26わたし自身がお前の着物の裾を顔まで上げ
お前の恥はあらわになった。
27お前が姦淫し、いななきの声をあげ
淫行をたくらみ、忌むべき行いをするのを
丘でも野でもわたしは見た。
災いだ、エルサレムよ。
お前は清いものとはされえない。
いつまでそれが続くのか。
干ばつの災い
1干ばつに見舞われたとき、主の言葉がエレミヤに臨んだ。
2ユダは渇き、町々の城門は衰える。
人々は地に伏して嘆き
エルサレムは叫びをあげる。
3貴族は水を求めて、召し使いを送る。
彼らが貯水池に来ても、水がないので
空の水がめを持ち
うろたえ、失望し、頭を覆って帰る。
4地には雨が降らず
大地はひび割れる。
農夫はうろたえ、頭を覆う。
5青草がないので
野の雌鹿は子を産んでも捨てる。
6草が生えないので
野ろばは裸の山の上に立ち
山犬のようにあえぎ、目はかすむ。
7我々の罪が我々自身を告発しています。
主よ、御名にふさわしく行ってください。
我々の背信は大きく
あなたに対して罪を犯しました。
8イスラエルの希望、苦難のときの救い主よ。
なぜあなたは、この地に身を寄せている人
宿を求める旅人のようになっておられるのか。
9なぜあなたは、とまどい
人を救いえない勇士のようになっておられるのか。
主よ、あなたは我々の中におられます。
我々は御名によって呼ばれています。
我々を見捨てないでください。
10主はこの民についてこう言われる。「彼らはさまようことを好み、足を慎もうとしない。」主は彼らを喜ばれず、今や、その罪に御心を留め、咎を罰せられる。

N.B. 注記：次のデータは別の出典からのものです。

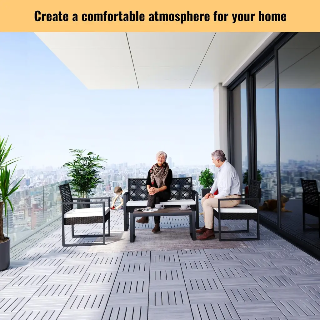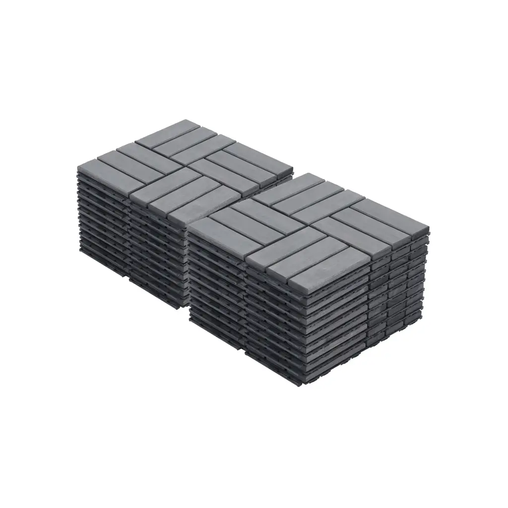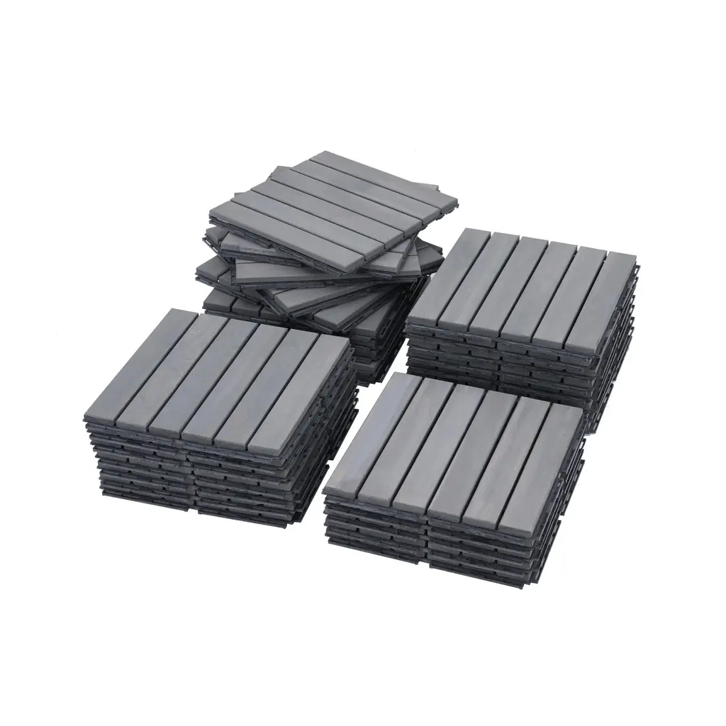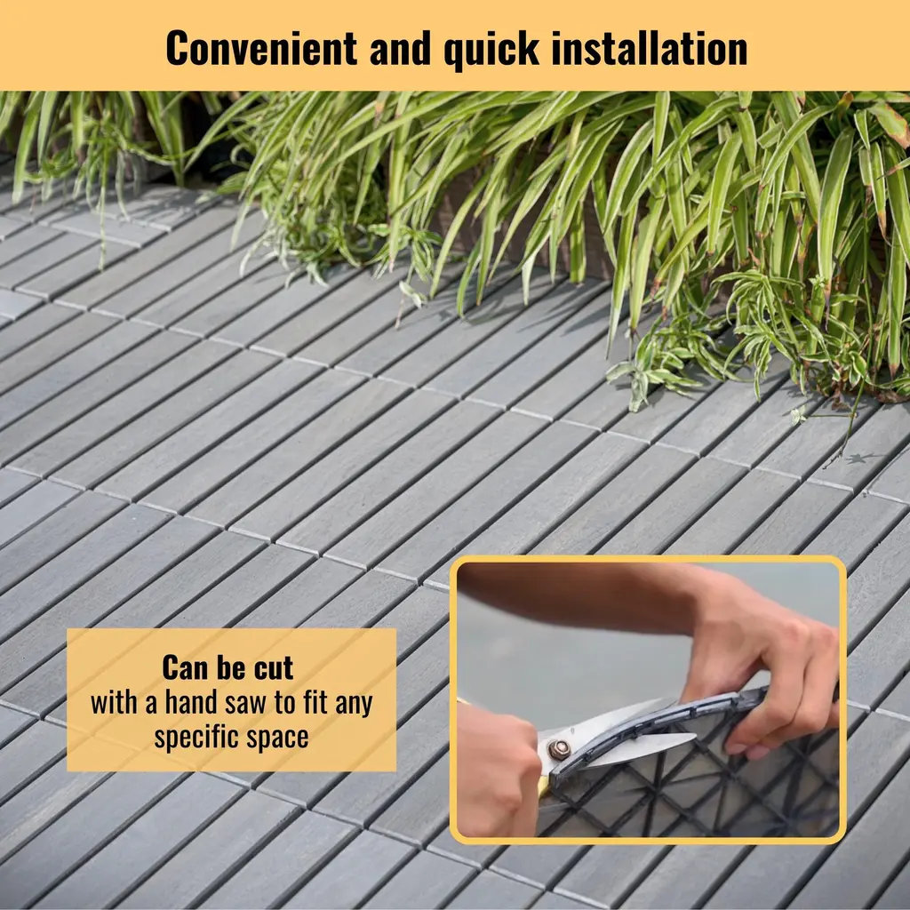 30 Pcs Interlocking Deck Tiles Striped Pattern, 12" X 12"square Acacia Hardwood Outdoor Flooring For Patio,bancony,pool Side - Light Gray

11主はわたしに言われた。「この民のために祈り、幸いを求めてはならない。 12彼らが断食しても、わたしは彼らの叫びを聞かない。彼らが焼き尽くす献げ物や穀物の献げ物をささげても、わたしは喜ばない。わたしは剣と、飢饉と、疫病によって、彼らを滅ぼし尽くす。」
13わたしは言った。「わが主なる神よ、預言者たちは彼らに向かって言っています。『お前たちは剣を見ることはなく、飢饉がお前たちに臨むこともない。わたしは確かな平和を、このところでお前たちに与える』と。」
14主はわたしに言われた。「預言者たちは、わたしの名において偽りの預言をしている。わたしは彼らを遣わしてはいない。彼らを任命したことも、彼らに言葉を託したこともない。彼らは偽りの幻、むなしい呪術、欺く心によってお前たちに預言しているのだ。」
15それゆえ、主は預言者についてこう言われる。「彼らはわたしの名によって預言しているが、わたしは彼らを遣わしてはいない。彼らは剣も飢饉もこの国に臨むことはないと言っているが、これらの預言者自身が剣と飢饉によって滅びる。 16彼らが預言を聞かせている民は、飢饉と剣に遭い、葬る者もなくエルサレムの巷に投げ捨てられる、彼らも、その妻、息子、娘もすべて。こうして、わたしは彼らの悪を、彼ら自身の上に注ぐ。」
17あなたは彼らにこの言葉を語りなさい。
「わたしの目は夜も昼も涙を流し
とどまることがない。
娘なるわが民は破滅し
その傷はあまりにも重い。
18野に出て見れば、見よ、剣に刺された者。
町に入って見れば、見よ、飢えに苦しむ者。
預言者も祭司も見知らぬ地にさまよって行く。」
19あなたはユダを退けられたのか。
シオンをいとわれるのか。
なぜ、我々を打ち、いやしてはくださらないのか。
平和を望んでも、幸いはなく
いやしのときを望んでも、見よ、恐怖のみ。
20主よ、我々は自分たちの背きと
先祖の罪を知っています。
あなたに対して、我々は過ちを犯しました。
21我々を見捨てないでください。
あなたの栄光の座を軽んじないでください。
御名にふさわしく、我々と結んだ契約を心に留め
それを破らないでください。
22国々の空しい神々の中に
雨を降らしうるものがあるでしょうか。
天が雨を与えるでしょうか。
我々の神、主よ。
それをなしうるのはあなただけではありませんか。
我々はあなたを待ち望みます。
あなたこそ、すべてを成し遂げる方です。